(Data)
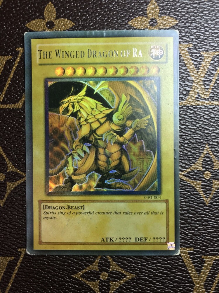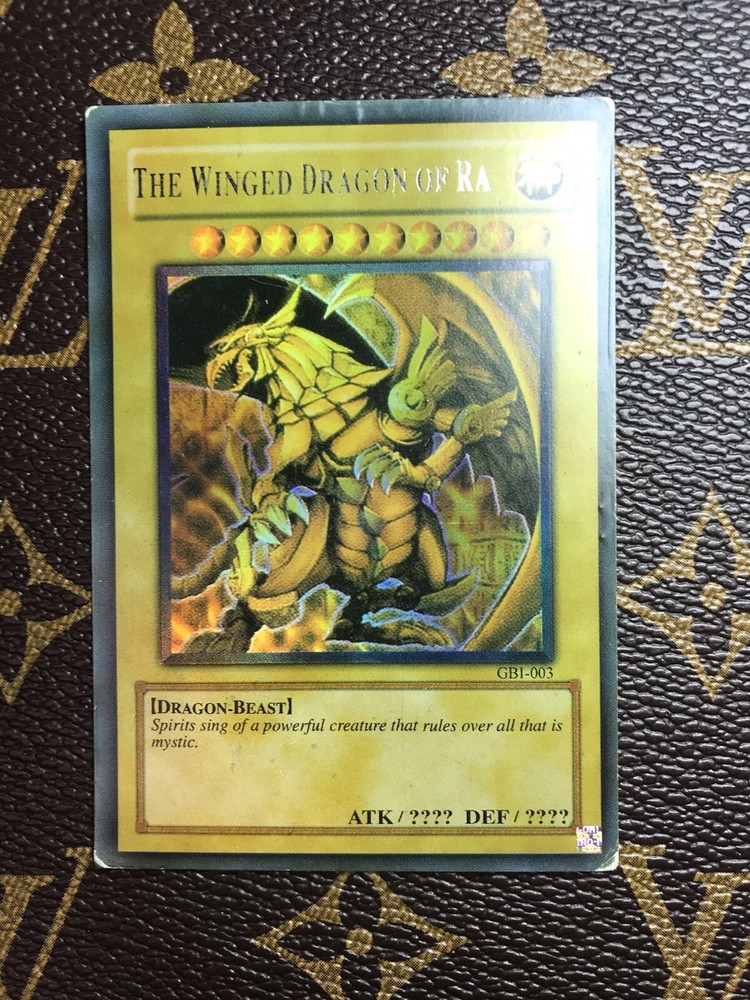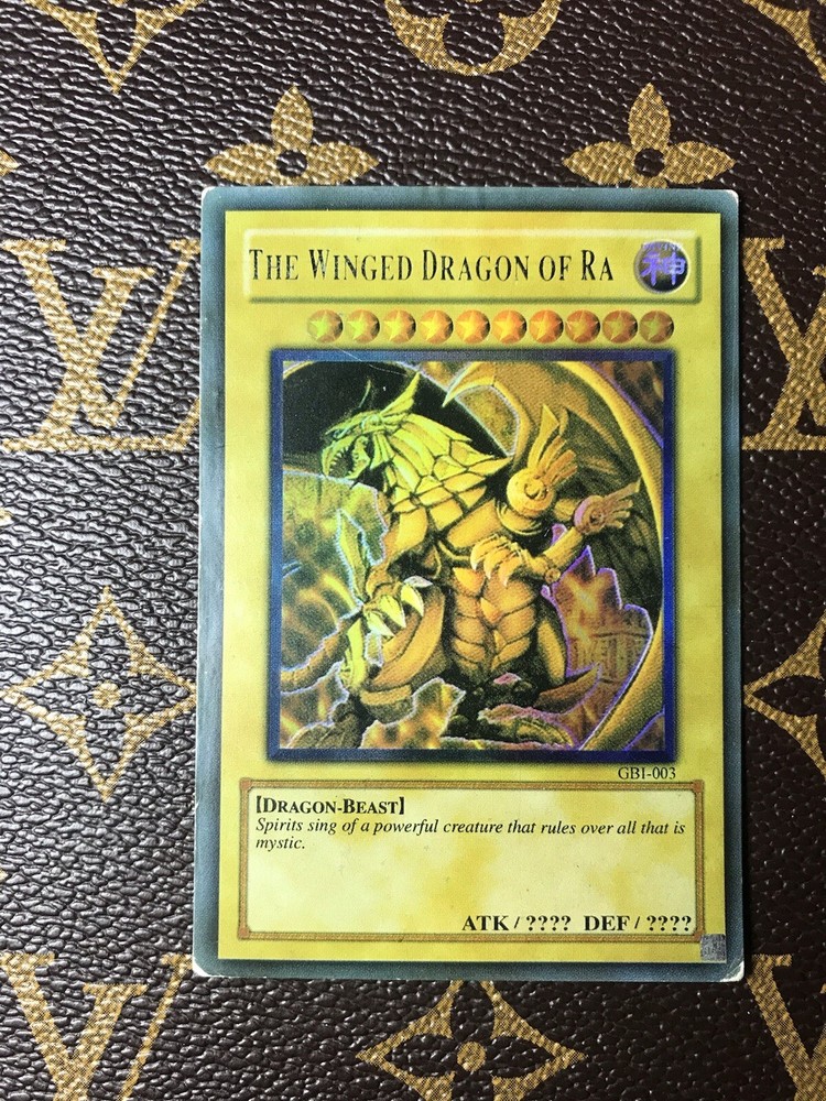 The Winged Dragon of Ra GBI-003 Ultra Rare MP. Condition is near Mint, taken out of box and put into sleeve! All cards are shipped with sleeves!!! Shipped with USPS First Class. OFFERS ACCEPTED, PRICES ALWAYS NEGOTIABLE
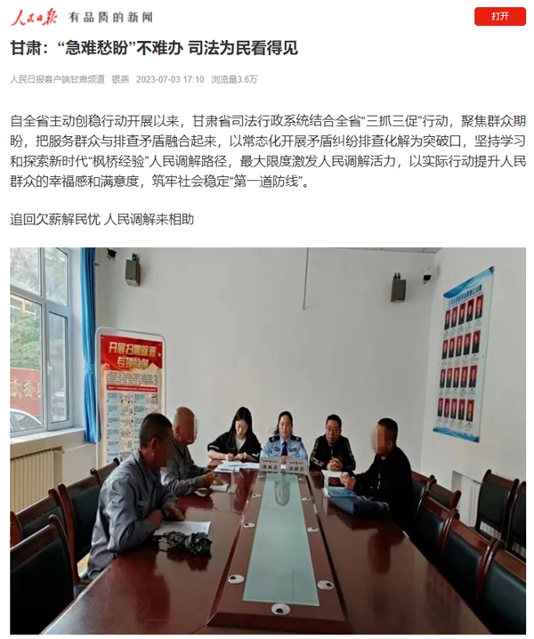 7月3日,人民日报客户端刊文发布了甘肃省司法厅工作新闻稿件——《甘肃:“急难愁盼”不难办 司法为民看得见》,现予以转载。
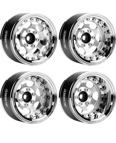 GLOBACT Aluminum 1.9 in Beadlock Wheels Adjustable Offset for 1/10 TRX4 TRX6 Axial SCX10 I II III Redcat GEN7 GEN8 RC Crawler Upgrade Accessories (4Pcs Silver)
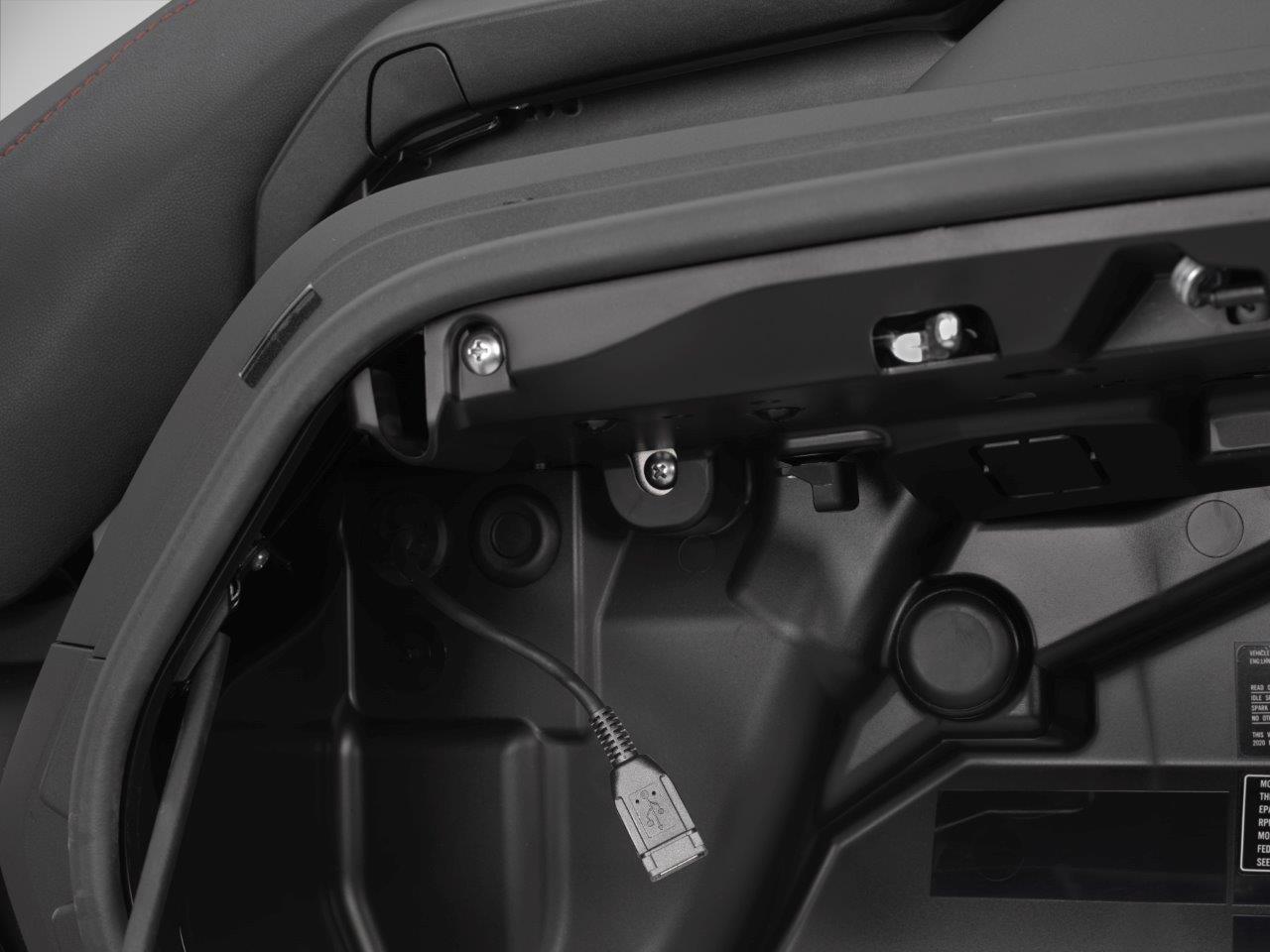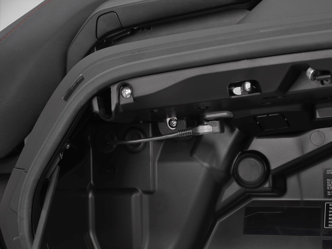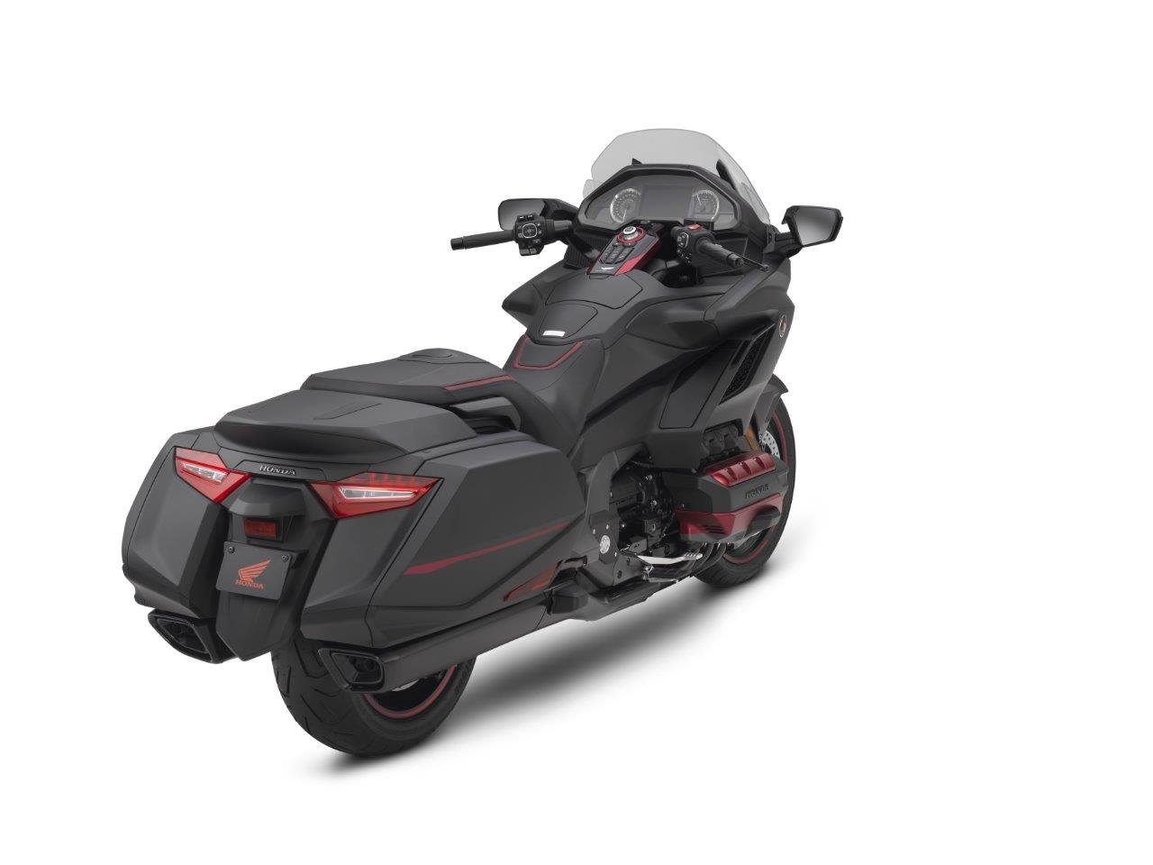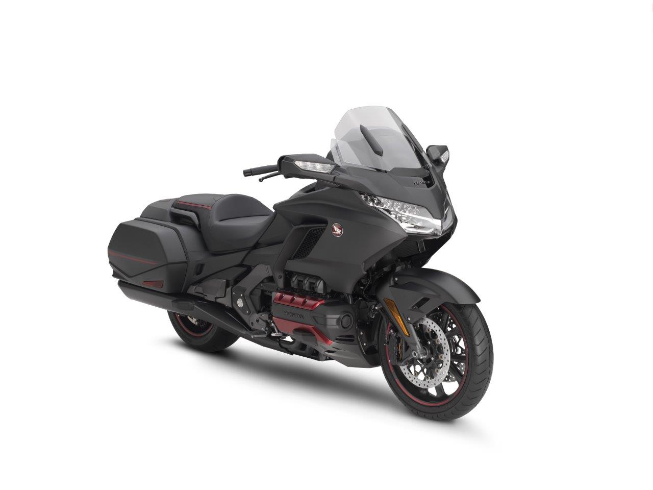 The 2020 Gold Wing also features a new button for the center storage pocket for improved ergonomics, and a new color scheme: Matte Black Metallic with additional red anodized surfaces.
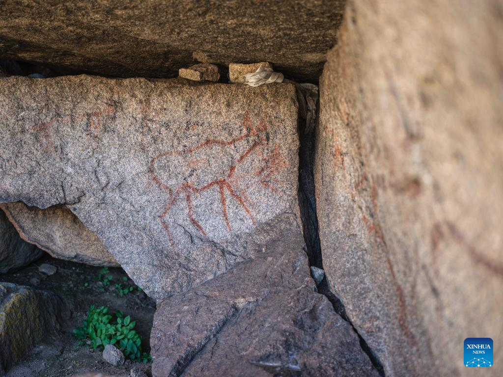 CHENGDU, 22 octubre, 2025 (Xinhua) -- Imagen del 21 de octubre de 2025 de una pintura rupestre, en la prefectura autónoma tibetana de Garze, en la provincia de Sichuan, en el suroeste de China. Este grupo de pinturas rupestres en la prefectura data de hace unos 8.000 años. (Xinhua/Xue Chen)
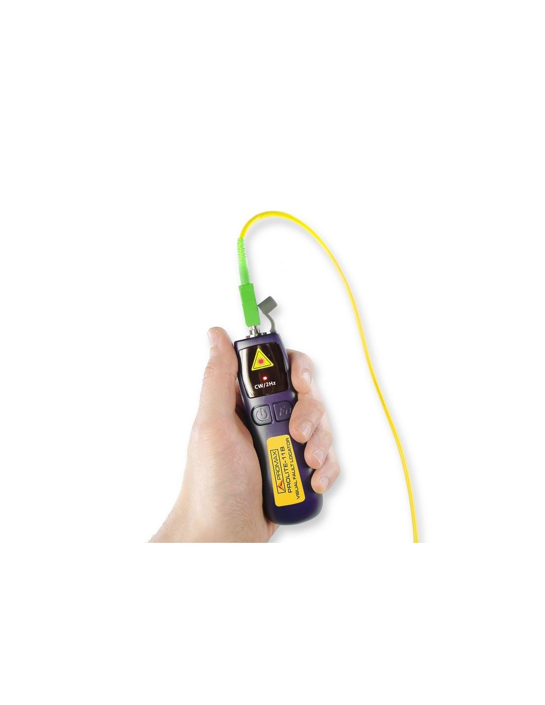 El localizador visual de fallos modelo PROLITE-11B es una fuente de luz utilizada para localizar roturas, fusiones mecánicas de baja calidad y conectores dañados en cables de fibra óptica.
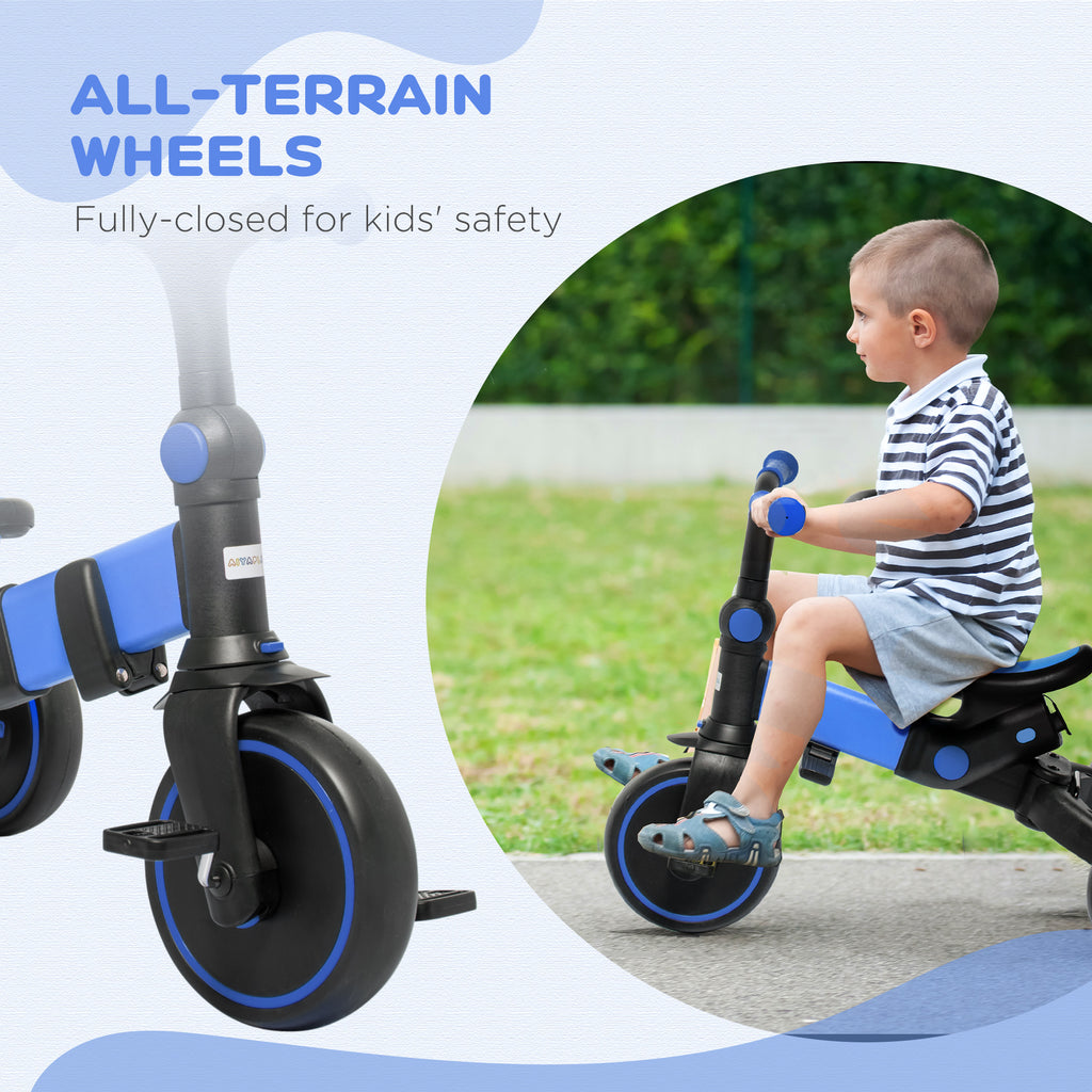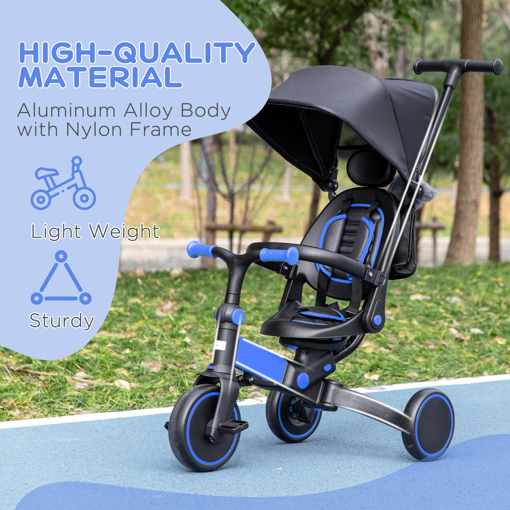 3-in-1 Tricycle for Kids with Aluminium Frame, Baby Trike with Adjustable Push Handle, Canopy and Seat Angle for 18-48 Months, Blue
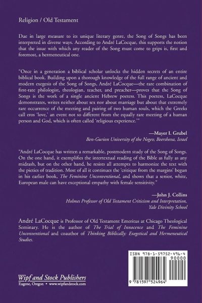Due in large measure to its unique literary genre, the Song of Songs has been interpreted in diverse ways. According to Andre LaCocque, this supports the notion that the issue with which any reader of the Song must come to grips is, first and foremost, a hermeneutical one.
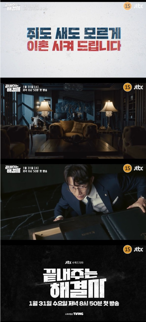 오는 31일(수) 첫 방송될 JTBC 새 수목드라마 ‘끝내주는 해결사’(극본 정희선/ 연출 박진석/ 제작 하우픽쳐스, 드라마하우스, SLL)에서 2차 티저 영상을 공개(https://naver.me/FcuVjETn), 악질 배우자들을 처단할 약점을 찾는 솔루션 팀의 화끈한 한 방을 예고하며 기대감을 높이고 있다.
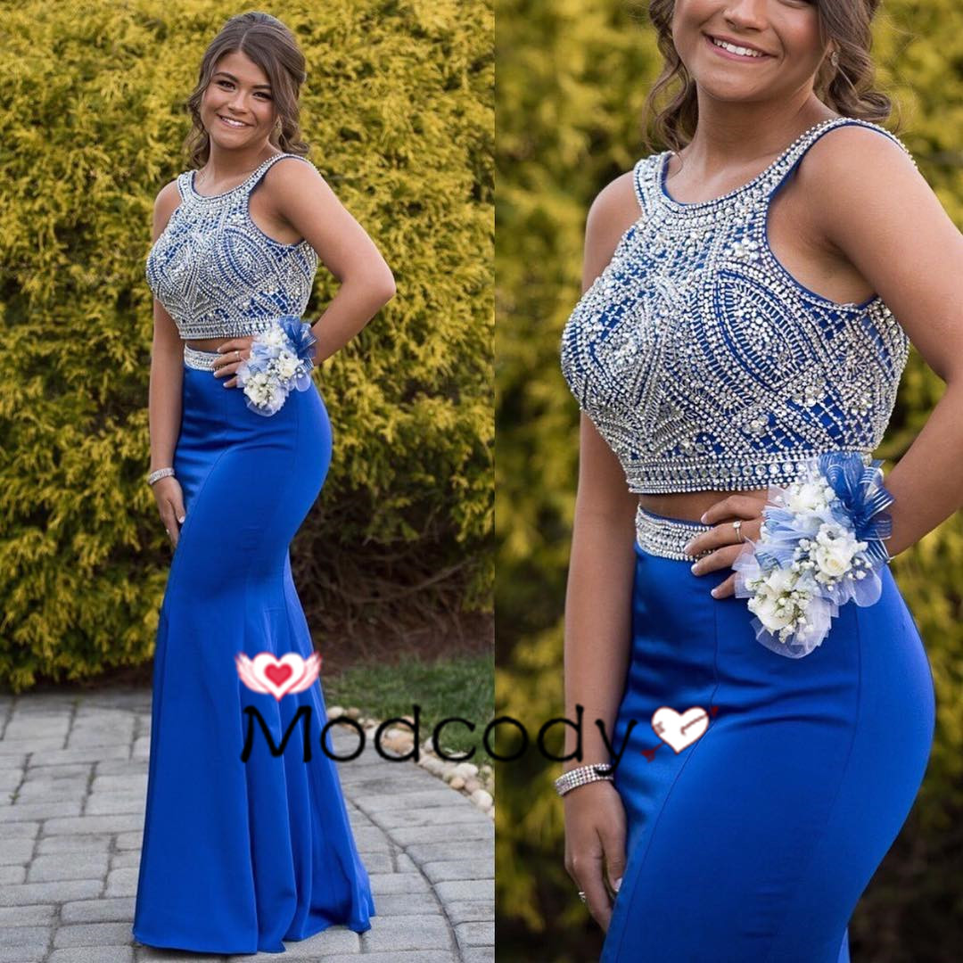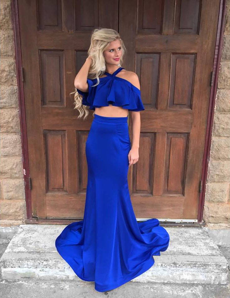Two Piece Prom Dresses Royal Blue Prom Dresses 2 Piece Prom Gowns
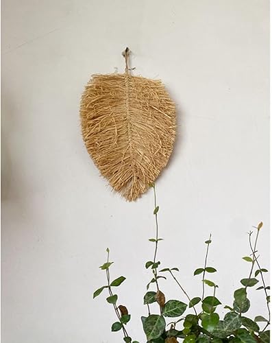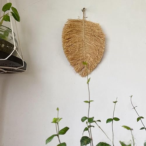 MANGRY 2 pièces spécimen de Feuilles de Raphia, tentures murales décoratives de Style campagnard décoration Murale de Fond de canapé Ornements avec Corde de Suspension pour Salon Chambre à Coucher(A)
(End Data)
What the task asks - Repeat the records above exactly, from the first line through the line that contains "Two Piece Prom", and leave out the pictures.

Result of the exercise -
 The Winged Dragon of Ra GBI-003 Ultra Rare MP. Condition is near Mint, taken out of box and put into sleeve! All cards are shipped with sleeves!!! Shipped with USPS First Class. OFFERS ACCEPTED, PRICES ALWAYS NEGOTIABLE
 7月3日,人民日报客户端刊文发布了甘肃省司法厅工作新闻稿件——《甘肃:“急难愁盼”不难办 司法为民看得见》,现予以转载。
 GLOBACT Aluminum 1.9 in Beadlock Wheels Adjustable Offset for 1/10 TRX4 TRX6 Axial SCX10 I II III Redcat GEN7 GEN8 RC Crawler Upgrade Accessories (4Pcs Silver)
 The 2020 Gold Wing also features a new button for the center storage pocket for improved ergonomics, and a new color scheme: Matte Black Metallic with additional red anodized surfaces.
 CHENGDU, 22 octubre, 2025 (Xinhua) -- Imagen del 21 de octubre de 2025 de una pintura rupestre, en la prefectura autónoma tibetana de Garze, en la provincia de Sichuan, en el suroeste de China. Este grupo de pinturas rupestres en la prefectura data de hace unos 8.000 años. (Xinhua/Xue Chen)
 El localizador visual de fallos modelo PROLITE-11B es una fuente de luz utilizada para localizar roturas, fusiones mecánicas de baja calidad y conectores dañados en cables de fibra óptica.
 3-in-1 Tricycle for Kids with Aluminium Frame, Baby Trike with Adjustable Push Handle, Canopy and Seat Angle for 18-48 Months, Blue
Due in large measure to its unique literary genre, the Song of Songs has been interpreted in diverse ways. According to Andre LaCocque, this supports the notion that the issue with which any reader of the Song must come to grips is, first and foremost, a hermeneutical one.
 오는 31일(수) 첫 방송될 JTBC 새 수목드라마 ‘끝내주는 해결사’(극본 정희선/ 연출 박진석/ 제작 하우픽쳐스, 드라마하우스, SLL)에서 2차 티저 영상을 공개(https://naver.me/FcuVjETn), 악질 배우자들을 처단할 약점을 찾는 솔루션 팀의 화끈한 한 방을 예고하며 기대감을 높이고 있다.
Two Piece Prom Dresses Royal Blue Prom Dresses 2 Piece Prom Gowns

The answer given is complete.